O Dogma da “Imaculada Conceição” foi definido e declarado pelo Papa Pio IX à 08/12/1854, com a seguinte fórmula “... Declaramos, pronunciamos e definimos que a doutrina, de que a beatíssima Virgem Maria no primeiro instante de sua conceição, por singular graça e privilégio de Deus onipotente e em vista dos méritos de Jesus Cristo, Salvador do gênero humano, foi preservada imune de toda mancha da culpa original, é revelada por Deus e por isso, deve ser crida firme e constantemente por todos os fiéis” (Bula, Ineffabilis Deus).

Nessa fórmula podemos observar que o sujeito da Imaculada Conceição é a sua pessoa. A declaração de Pio IX se refere à imunidade do pecado original e afirma a dependência essencial em relação ao seu Filho.  A teologia insere a Imaculada Conceição na visão geral do mistério cristão, o harmoniza com o conjunto da vida de Maria e com os vários elementos da história da salvação e sobretudo com o centro vivo, Jesus Cristo.
A Imaculada Conceição forma parte do plano salvífico de Deus. Só Deus justifica gratuitamente na fidelidade ao seu projeto da salvação mediante a graça redentora de Cristo: “Todos... são justificados gratuitamente pela sua graça, em virtude da redenção realizada por Cristo Jesus” (Rm 3,24). A Imaculada Conceição é assim um sinal luminoso da graça do amor de Deus, que se realiza mesmo antes da resposta responsável da criatura. A preservação do pecado e a plenitude da graça não são fruto da fé, ou da liberdade orientada para Deus, nem mesmo das obras de Maria. A Imaculada Conceição manifesta a absoluta iniciativa de Deus Pai e significa que desde o início de sua existência, Maria foi envolvida pelo amor redentor e santificante de Deus.

Unir o evento da Imaculada Conceição com o plano salvífico de Deus significa relacioná-lo necessariamente a Cristo, centro do plano do Pai. Os textos bíblicos realçam o primado de Cristo em face de toda a criação (Cl 1,15. 17; Ef 1,10. 21; Jo 1,1 – 3; Ap 1,8) e sua função redentora e reconciliadora como a cabeça da Igreja (Cl 1,18 – 20; Ef 1,3 – 14; Rm 8,32 – 39; Ap 1,5 – 6).

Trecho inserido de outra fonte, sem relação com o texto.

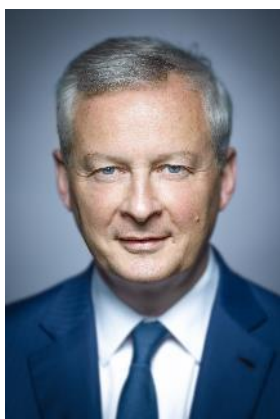
Bruno Le Maire Ministre de l'Économie, des Finances et de la Souveraineté industrielle et numérique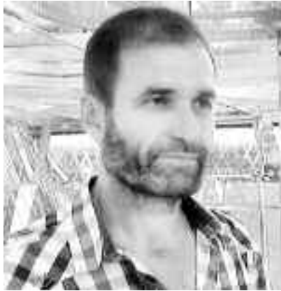
Gălățenii care au încercat deja tratamentele alternative ale psihologului spun că în interiorul piramidei și-au îmbunătățit starea de sănătate

„În momentul în care am făcut această piramidă dublă, suspendată, am avut dorința de a cerceta dacă există sau nu efectul de piramidă. Am urmărit să demontăm o legendă care spune că o piramidă simplă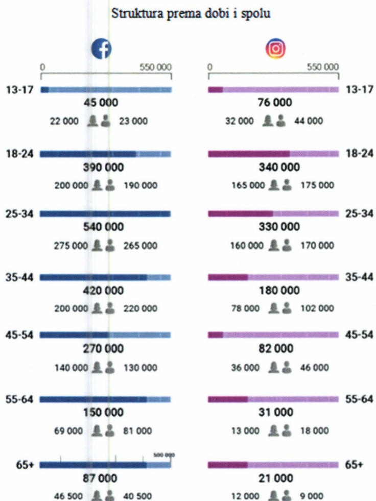
Slika 1: Usporedba korištenja Facebooka i Instagrama u RH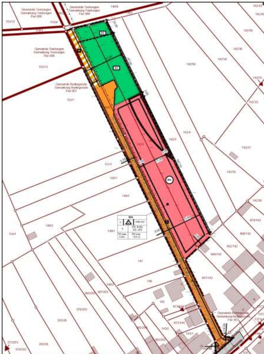
Übersicht Geltungsbereich Bebauungsplanes Nr.9,„Zum Rittersumpfgaben“

Benennung der wesentlichen, bereits vorliegenden umweltbezogene Stellungnahmen und Informationen von Behörden und sonstigen Trägern öffentlicher Belange zum Bebauungsplan: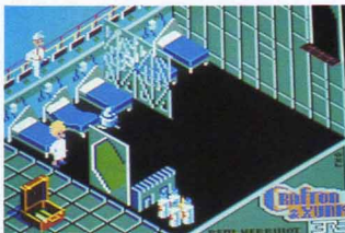
Un grand bond vous mènera jusqu'à la porte du haut.

Vous avez appuyé sur le bouton de feu et vous voilà, subito illico et presto, dans un décor en trois dimensions, une pièce cubique, vue par un des coins. Sur le bord gauche de l'écran, on aperçoit la mallette pour l'objet possédé et sur la ligne du bas, trois informations : l'énergie en pourcentage, le code à huit tirets qui seront progressivement remplacés par des chiffres de 1 à 4 et l'indication du score. Si vous restez immobile dans une pièce sans rien tenter de spécial et sans qu'aucun robot ne vous agresse, vous perdrez un point de pourcentage toutes les trente secondes environ. Il va sans dire qu'à partir de 20 %, un clignotement vous indiquera qu'il est grand temps d'aller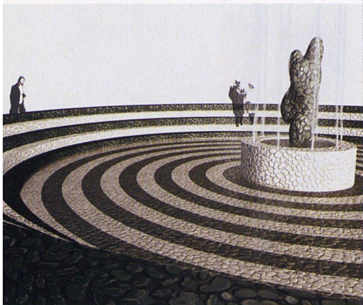
Der vom Künstler Ugo Rondinone entworfene Brunnen soll zu einem Treffpunkt für das ganze Quartier werden.

die dafür nötige kontrollierte Wohnungslüftung, und ein Teil des Warmwassers wird durch Sonnenkollektoren auf den Dächern der Häuser erwärmt. Das Minergielabel erhält die Siedlung dennoch nicht. Denn der Nahwärmeverbund, aus dem sie ihre zusätzlich nötige Heizenergie bezieht, ist bezüglich Energieerzeugung nicht auf dem neusten Stand. Geheizt wird dort noch mit Öl statt mit umweltfreundlicherem Holz oder Erdwärme. Doch die Erneuerung dieser Heizzentrale wird bald einmal fällig werden. Sobald dies geschehen ist, wird die Siedlung Werdwies nachträglich mit dem Minergielabel zertifiziert.

Santo Agostinho foi o primeiro a perceber a necessidade da vinculação entre a “intuição da fé” sobre a santidade originária de Maria e a verdade fundamental da redenção universal operada por Cristo. A partir de então a Imaculada Conceição de Maria apresenta-se como um caso de verdadeira redenção. Neste sentido só se pode compreender Maria partindo de Cristo. Sendo Cristo o único mediador e redentor do mundo, e na sua morte e ressurreição aconteceu de uma vez para sempre e irrevogavelmente a reconciliação da humanidade com Deus (cf. 2Cor 5,18 – 21), compreende-se que no seu mistério pascal, é o salvador também de sua mãe (LG 53). Portanto, o dogma da Imaculada Conceição é um capítulo da própria doutrina da redenção e o seu conteúdo constitui a forma mais radical e prefeita de redenção.

A atribuição da Imaculada Conceição à Maria se harmoniza com sua maternidade divina e santa com o seu papel colaboradora na obra do Filho, único Redentor. Por causa da sua comunhão íntima de vida e de destino com Cristo, Maria foi envolvida, desde o primeiro momento de sua existência, pelo amor do Pai, pela graça do Filho e pelos dons do Espírito. Ela é exemplo de justificação por pura graça, que não fica inerte nela, mas provoca uma resposta de fé total ao Deus Santo que a santificou. Ela manifesta a plenitude e a perfeição do amor redentor de Cristo eficaz ontem, hoje e sempre.

A Imaculada Conceição é o começo de um mundo novo pelo Espírito: é plenitude de amor, superabundância de realidade cristã, nostalgia do paraíso perdido e reencontrado. Em Maria, a Igreja encontra sua “utopia”, a sua imagem mais santa depois de Cristo. A Imaculada Conceição tem função tipológica para a comunidade cristã e para cada cristão, por isso, o privilégio de Maria não a separa da humanidade e nem mesmo da Igreja. Mesmo o esplendor do Espírito Santo, Maria continua ancorada na terra, na história, na concretude da condição humana. Se ela foi preservada do pecado e da tendência que conduz ao mal, não ficou isenta dos sentimentos humanos mais intensos e vitais, das limitações e condicionamentos culturais, do sofrimento, do caminho de amadurecimento e da peregrinação na fé. Fez sua vida de mulher pobre e mãe dedicada, sob influência da graça, uma entrega incondicional a um projeto santo: o Projeto do Reino de Deus.